When using "keep-alive" connections, I would expect that as soon as a request is resolved, the connection that handled the request would be available and can handle the next request in the globalAgent's queue.
Instead, however, it appears that each connection up to the max number is resolved before any additional queued requests are handled.
When watching networking traffic between components, we see that if maxSockets is 10, then 10 requests resolve successfully. Then there is a pause 3-5 second pause (presumably while new tcp connections are established), then 10 more requests resolve, then another pause, etc.
This seems wrong. Node is supposed to excel at handling a high volume of concurrent requests. So if, even with 1000 available socket connections, if request 1000 cannot be handled until 1-999 resolve, you'd hit a bottleneck. Yet I can't figure out what we're doing incorrectly.
Update
Here's an example of how we're making requests -- though it's worth noting that this behavior occurs whenever a node process makes an http request, including when that request is initiated by widely-used third-party libs. I don't believe it is specific to our implementation. Nevertheless...
class Client
constructor: (@endpoint, @options = {}) ->
@endpoint = @_cleanEndpoint(@endpoint)
throw new Error("Endpoint required") unless @endpoint && @endpoint.length > 0
_.defaults @options,
maxCacheItems: 1000
maxTokenCache: 60 * 10
clientId : null
bearerToken: null # If present will be added to the request header
headers: {}
@cache = {}
@cards = new CardMethods @
@lifeStreams = new LifeStreamMethods @
@actions = new ActionsMethods @
_cleanEndpoint: (endpoint) =>
return null unless endpoint
endpoint.replace /\/+$/, ""
_handleResult: (res, bodyBeforeJson, callback) =>
return callback new Error("Forbidden") if res.statusCode is 401 or res.statusCode is 403
body = null
if bodyBeforeJson and bodyBeforeJson.length > 0
try
body = JSON.parse(bodyBeforeJson)
catch e
return callback( new Error("Invalid Body Content"), bodyBeforeJson, res.statusCode)
return callback(new Error(if body then body.message else "Request failed.")) unless res.statusCode >= 200 && res.statusCode < 300
callback null, body, res.statusCode
_reqWithData: (method, path, params, data, headers = {}, actor, callback) =>
headers['Content-Type'] = 'application/json' if data
headers['Accept'] = 'application/json'
headers['authorization'] = "Bearer #{@options.bearerToken}" if @options.bearerToken
headers['X-ClientId'] = @options.clientId if @options.clientId
# Use method override (AWS ELB problems) unless told not to do so
if (not config.get('clients:useRealHTTPMethods')) and method not in ['POST', 'PUT']
headers['x-http-method-override'] = method
method = 'POST'
_.extend headers, @options.headers
uri = "#{@endpoint}#{path}"
#console.log "making #{method} request to #{uri} with headers", headers
request
uri: uri
headers: headers
body: if data then JSON.stringify data else null
method: method
timeout: 30*60*1000
, (err, res, body) =>
if err
err.status = if res && res.statusCode then res.statusCode else 503
return callback(err)
@_handleResult res, body, callback
To be honest, coffeescript isn't my strong point so can't comment really on the code.
However, I can give you some thoughts: in what we are working on, we use nano to connect to cloudant and we're seeing up to 200requests/s into cloudant from a micro AWS instance.
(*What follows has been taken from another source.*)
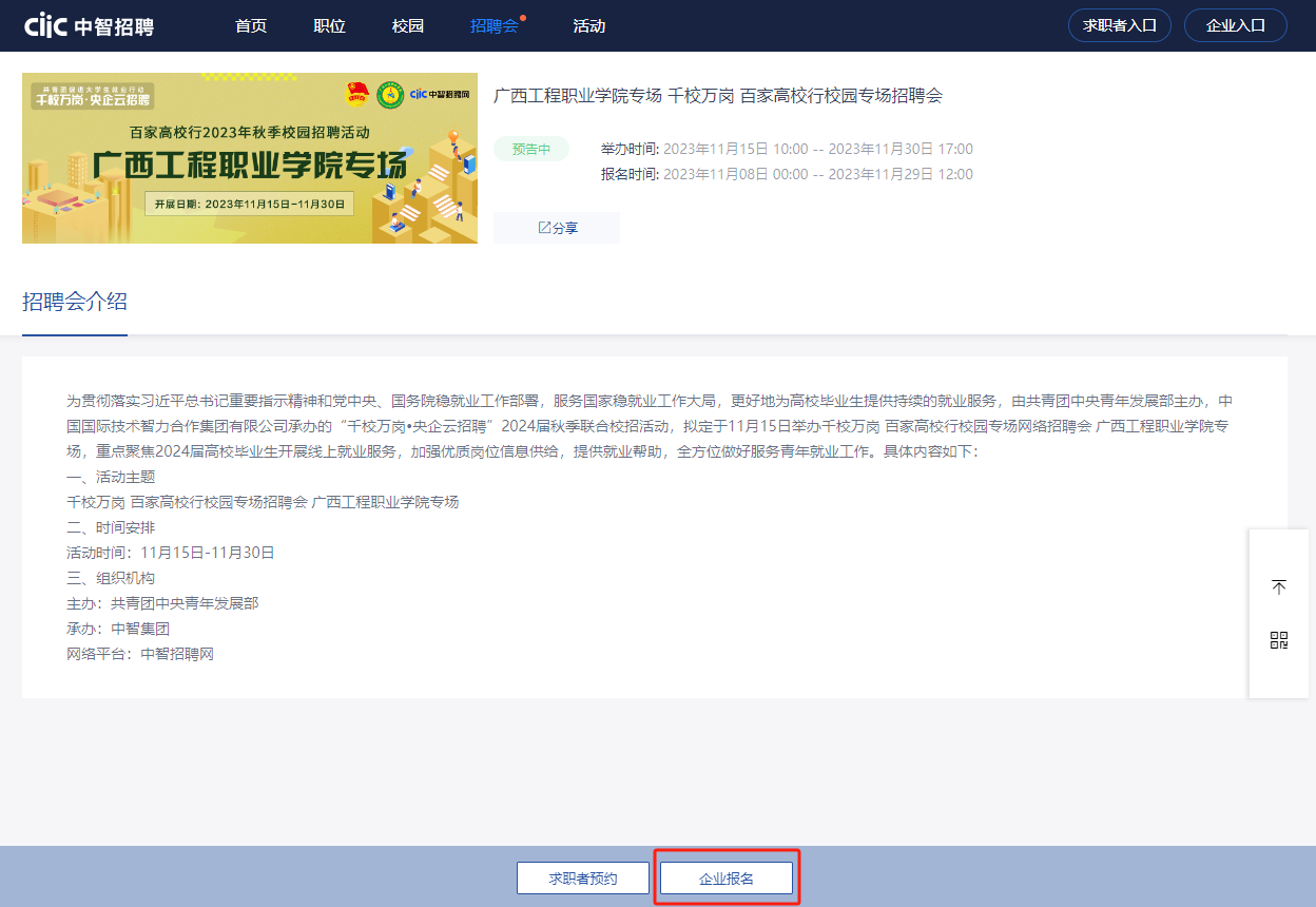 在企业后台进入“招聘会”模块,选择本次招聘会,点击“报名参会”后进行“添加职位”完成报名。

So you are right, node should be up to it.
Try using request https://github.com/mikeal/request if you're not already. (I don't think it will make a difference, but nevertheless worth a try as that is what nano uses).
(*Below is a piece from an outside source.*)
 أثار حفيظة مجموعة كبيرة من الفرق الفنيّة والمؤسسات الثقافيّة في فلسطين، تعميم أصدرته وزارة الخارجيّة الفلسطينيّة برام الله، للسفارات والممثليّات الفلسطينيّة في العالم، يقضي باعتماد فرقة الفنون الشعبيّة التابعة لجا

These are the areas I would look into:
The server doesn't deal well with multiple requests and throttles it. Have you run any performance tests against your server? If it can't handle the load for some reason or your requests are throttled in the os, then it doesn't matter what your client does.
Your client code has a long running function somewhere which prevents node processing any reponses you get back from the server. Perhaps 1 specific response causes a response callback to spend far too long.
Are the endpoints all different servers/hosts?